The evidence is the heart of any criminal case. We usually think of evidence as evidence that supports (or proves) the allegation that the crime was committed. This is technically called “inculpatory evidence” as it tends to incriminate (or inculpate) the defendant. But what about evidence that tends to exonerate (or exculpate) the defendant? This evidence is called “exculpatory evidence” but it seems we hardly hear about this type of evidence.
In the seminal case, Brady v. Maryland, 373 U.S. 83 (1963), the United States Supreme Court held that in any criminal case, the prosecution has a constitutional duty to reveal to the defense any evidence it has that might show the defendant is innocent of the crime charged or did not commit the crime in the manner charged. This is the defendant’s due process right. This is commonly referred to as Brady evidence or a Brady disclosure and it applies to all California criminal cases.

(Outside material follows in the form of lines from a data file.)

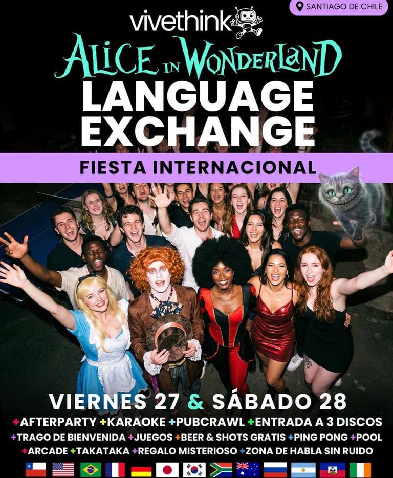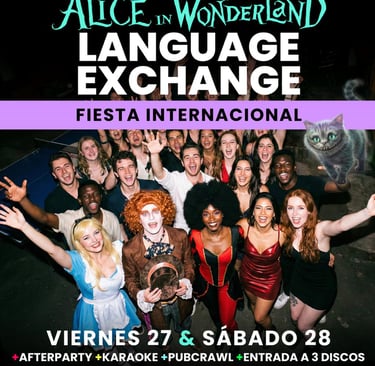Este es el cronograma para el Viernes 27 y Sábado 28 de Febrero 🌎 Intercambio de idiomas • Fiesta Internacional ✨Alice in Wonderland🎩: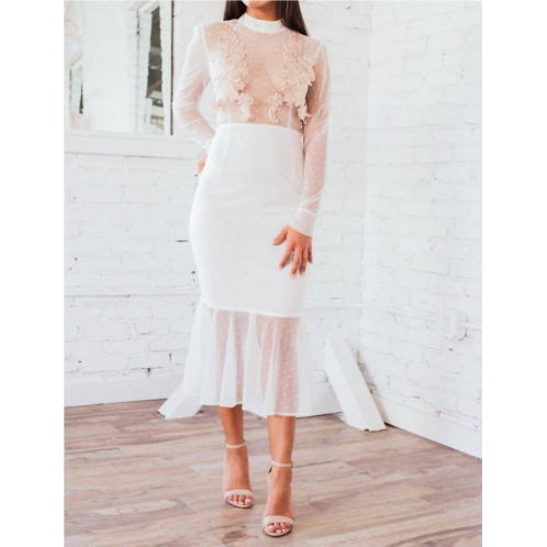 [US] Ariti Kaziris long sleeve sheer lace dress in white/rose gold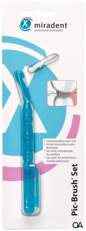 Die Pic-Brush® Interdentalbürste ist ideal zur Reinigung von Brackets, Zahnspangen, Brücken und vor allem Zahnzwischenräumen. Der 120°-Winkel des konischen Einführstutzens garantiert eine optimale und sichere Anwendung. Zusätzlich ermöglicht der Back-Pic mit der alternativen Aufsteckmöglichkeit eine bessere Reinigung der Frontzähne.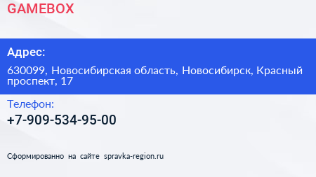 GAMEBOX по адресу 630099, Новосибирская область, Новосибирск, Красный проспект, 17 в дальнейшем Организация, размещена в следующих категориях: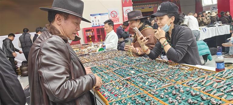 記者在展廳看到,參展商家攤位分布有序,前來購(gòu)買各種珠寶、藝術(shù)品的顧客絡(luò)繹不絕?;顒?dòng)現(xiàn)場(chǎng),匯聚了來自全國(guó)各地的珠寶商、藝術(shù)家、收藏家及投資者。博覽會(huì)期間,主辦方舉辦了珠寶、藝術(shù)品鑒定評(píng)估等商貿(mào)活動(dòng),以及珠寶藝術(shù)品講座、研討會(huì)等文化交流活動(dòng),為與會(huì)者提供了一個(gè)全面了解西藏珠寶及藝術(shù)品的機(jī)會(huì),同時(shí)也為珠寶商、藝術(shù)家和投資者搭建了一個(gè)交流與合作的平臺(tái)。文/圖 記者 張雪芳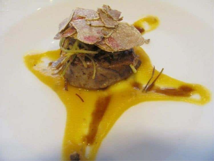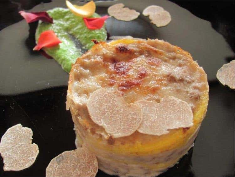 Lo chef romagnolo è arrivato alla vittoria con Riccioli di sogliole dell’Adriatico su vellutata di zucca violina, cime di rapa e tartufo bianco (antipasto); Passatelli al tartufo bianco con foglioline di spinaci e spuma di pecorino di fossa (primo); Ventaglio di spigola d’amo al tartufo bianco su chips di patate rosse e insalatina di carciofi alla menta (secondo), mentre il cuoco toscano ha proposto come antipasto Cappesante tostate in padella farcite di tartufo bianco, topinambur e purea di patate viola, quindi Tortelli di piccione su clorofilla di cavolo nero, polvere d’olio e tartufo bianco e Faraona del Valdarno al forno ripiena della sua carne e cicoria royale di porcini e tartufo bianco.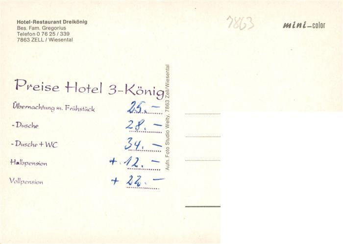 73935162 Zell Wiesental Hotel Restaurant Dreikoenig postalisch nicht gelaufen Erhaltung siehe scans [WerneD78] KatCode: 11110008336103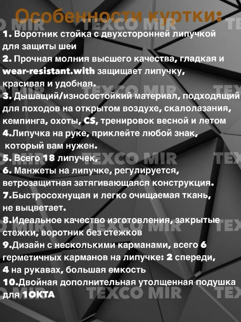 | Защитные свойства | ветрозащитный / влагозащищённый / камуфляжный |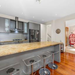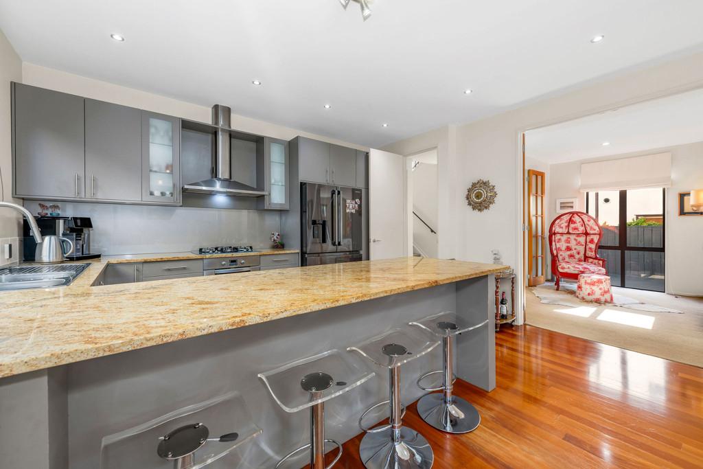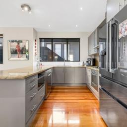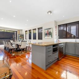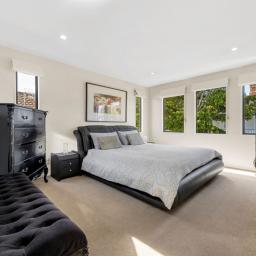 Light filled living spaces and generous proportions across a 246sqm floor area create an inviting atmosphere for daily life and entertaining. At the heart of the home sits a modern kitchen that flows into the open plan dining and living areas, extending out to a sun washed courtyard. It is the perfect setting for relaxed alfresco dining, weekend gatherings, or your morning coffee ritual. A guest powder room completes this level with ease and style.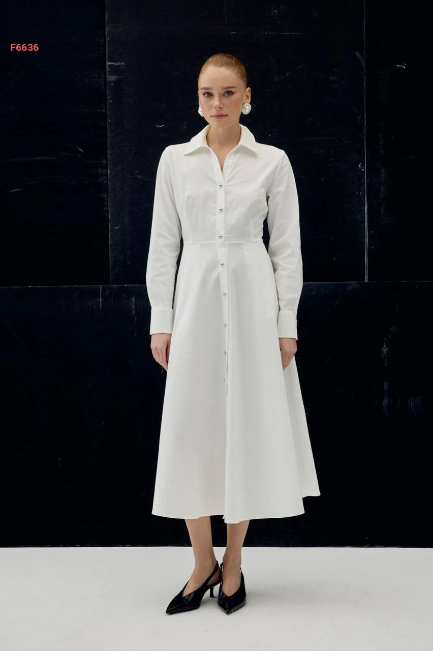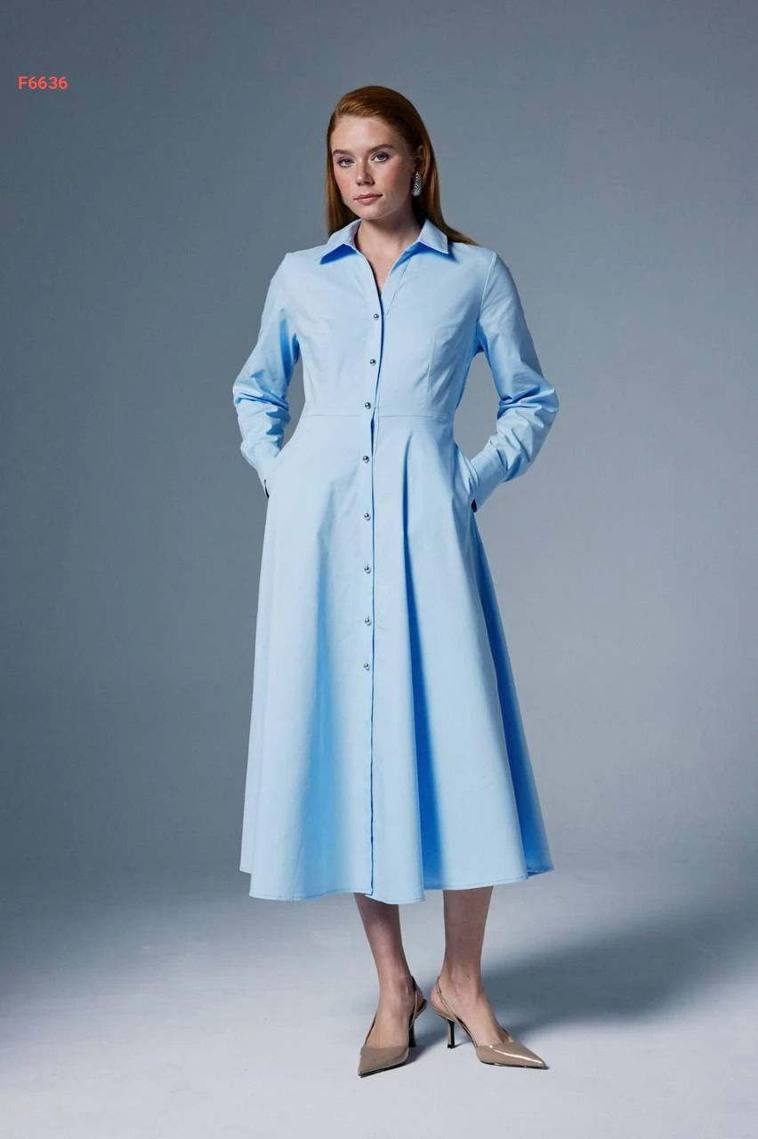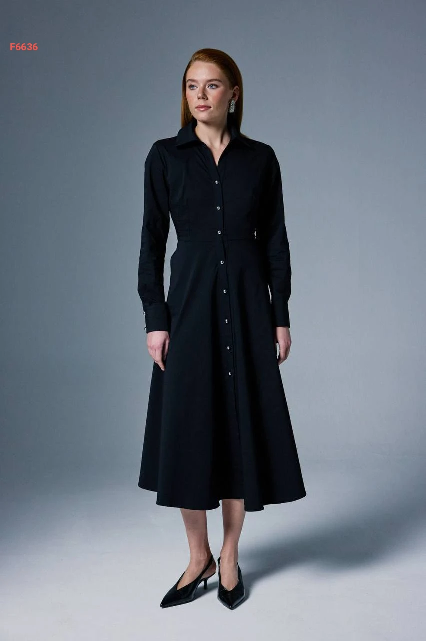فستان ميدي كلوش بأزرار

Brady evidence can be physical evidence, witness statements, video footage, recordings, or any evidence that has a “reasonable probability” of establishing that the defendant did not commit the crime or did not commit the crime to the level charged (for sentencing mitigation purposes). A good example might be evidence that a credible witness to the alleged crime comes forth and states that he saw the police plant evidence. If this were a true statement (and it certainly happens, as the recent incidents in Baltimore have exposed), it is exculpatory and the prosecution must reveal it. But the police would certainly try to cover this statement up, sometimes even with the help of the prosecutor. Hopefully this doesn’t happen often, but it is unfortunate that the prosecution and the police sometimes do suppress exculpatory evidence in furtherance of their own prosecutorial agenda. Orange County had its own Brady evidence scandal a few years ago.